Sweltering heat, flash floods —India’s weather story so far in 2024
New Delhi: Sweltering heatwave in north India that have caused scores of deaths, floods and landslides in the northeast that have affected lakhs of people, a spring season that suggests it could soon “disappear” from the calendar — extreme weather events in the first five months of 2024 have got everyone questioning: where is all this headed?
Despite having made predictions to this effect, climate scientists acknowledge that the temperatures this summer, including the outlier 52.9 degrees Celsius in Delhi, are “alarming, though not surprising”.
“This could be the worst summer in the last 120 years, at least for north India. Never have temperatures gone so high — more than 45-47 degrees Celsius — for such a vast region, which is also densely populated. This is a record in itself,” Vimal Mishra, Vikram Sarabhai Chair Professor, Civil Engineering and Earth Sciences, IIT Gandhinagar, told news agency.
The temperatures, “similar to those in Africa’s Sahara desert,” are “far beyond expectations” by at least three or four degrees, according to Mishra.
Earth system scientist Raghu Murtugudde, professor at IIT-Bombay, told news agency this was due to the combined effect of multiple phenomena - climate change, El Nino and the water vapour released by Tonga’s Hunga Tonga volcanic eruption in January 2022.
El Nino causes a warming of the sea surface temperatures, affecting the world’s weather.
“The Middle East is getting hotter very fast because the desert traps the heat during global warming – warmer atmosphere is more humid and water vapour is a greenhouse gas,” Murtugudde said.
“This warming is causing winds over the Arabian Sea to shift northward during summer itself and also during the monsoon. These winds are also warming the Arabian Sea very fast and bringing more humid air to Delhi, thereby raising the heat index.
“However, adding fuel to fire is Delhi’s killer urban heat island effect, which amplifies the misery,” said Murtugudde. The effect is caused by built-up surfaces in cities, made of concrete and asphalt, that store heat during the day and release it when the temperature cools in the evening. This heat doesn’t escape to space but bounces around between buildings and inhibits nighttime cooling.
Mishra said such extreme heat has wide-ranging consequences on public health, electricity, water and the economy.
Studies have linked longer, intense heatwaves to a rise in hospitalisations, premature births and also adverse outcomes such as miscarriages in pregnant women. Research has also projected a rise in inflation and a decline in Gross Domestic Product (GDP) across the world due to climate change.

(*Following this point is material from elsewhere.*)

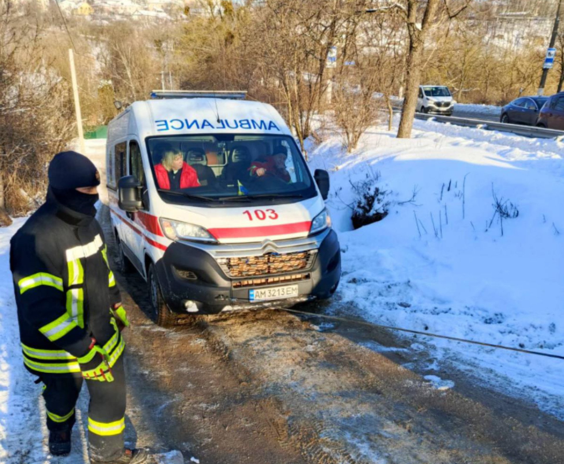 "Учора у Житомирі фахівці ДСНС надали допомогу працівникам екстреної медичної допомоги, які прямували з хворою людиною та через ожеледицю не могли заїхати на крутий підйом. За допомогою троса та пожежного автомобіля рятувальники відбуксирували «швидку» на безпечну ділянку дороги, після чого вона вже продовжила рух самостійно.
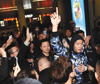 图为郭艾伦(右)在沈阳桃仙国际机场被球迷簇拥。郭艾伦手部缠着绷带。新华社发

On May 29, the day Delhi’s Mungeshpur station recorded the exceptional maximum temperature of 52.9 degrees Celsius, the city’s power demands peaked to an all-time high of 8,302 megawatts.
Even as the India Meteorological Department (IMD) is examining the reading for possible errors, regardless, the day’s maximum temperature of 46.8 degrees Celsius, recorded at the primary weather station Safdarjung Observatory, is a 79-year high. It broke the previous record of 46.7 degrees Celsius, registered on June 17, 1945.
The Delhi Fire Services, on May 29, received information regarding over 200 incidents, of which 183 were fire-related — the highest for a single day so far this year.
The national capital is also suffering from a water crisis, with people jumping queues to get water from tankers.
This is Delhi’s driest May in 10 years.
The hottest temperatures in the country for the day, however, registered from Haryana’s Rohtak and Uttar Pradesh’s Prayagraj - 48.8 degrees Celsius - an all-time high of maximum temperatures in the cities for May.
The previous highest maximum temperatures ever for Rohtak and Prayagraj were 47.2 degrees Celsius and 48.4 degrees Celsius, respectively, recorded on June 6, 1995, and May 30, 1994, respectively.
Una in Himachal logged a 19-year high of 46 degrees Celsius, breaking its previous record of 45.2 degrees seen in June 2005, May 2013 and June 2019.
Maximum temperatures in the state were firmly six to eight degrees above normal, with Shimla also registering its highest this season at 31.7 degrees Celsius on May 29.
The week also saw flash floods in Assam and Manipur, and landslides in Mizoram and Meghalaya triggered by Cyclone Remal.
At least 6 lakh people have been affected by it.
Murtugudde explains, “Remal stayed intact on land longer because of heat from the Bay of Bengal (a consequence of El Nino) and the land still wet from pre-monsoon rain. That extracted a lot of rain from the cyclone and there are always human factors on hills.”
The sweltering heatwaves in the north and the floods in the northeast were “not surprising since monsoon comes into the south and heatwaves exit from the north.
Late-season cyclones are related to ocean warming and wind changes,” he said.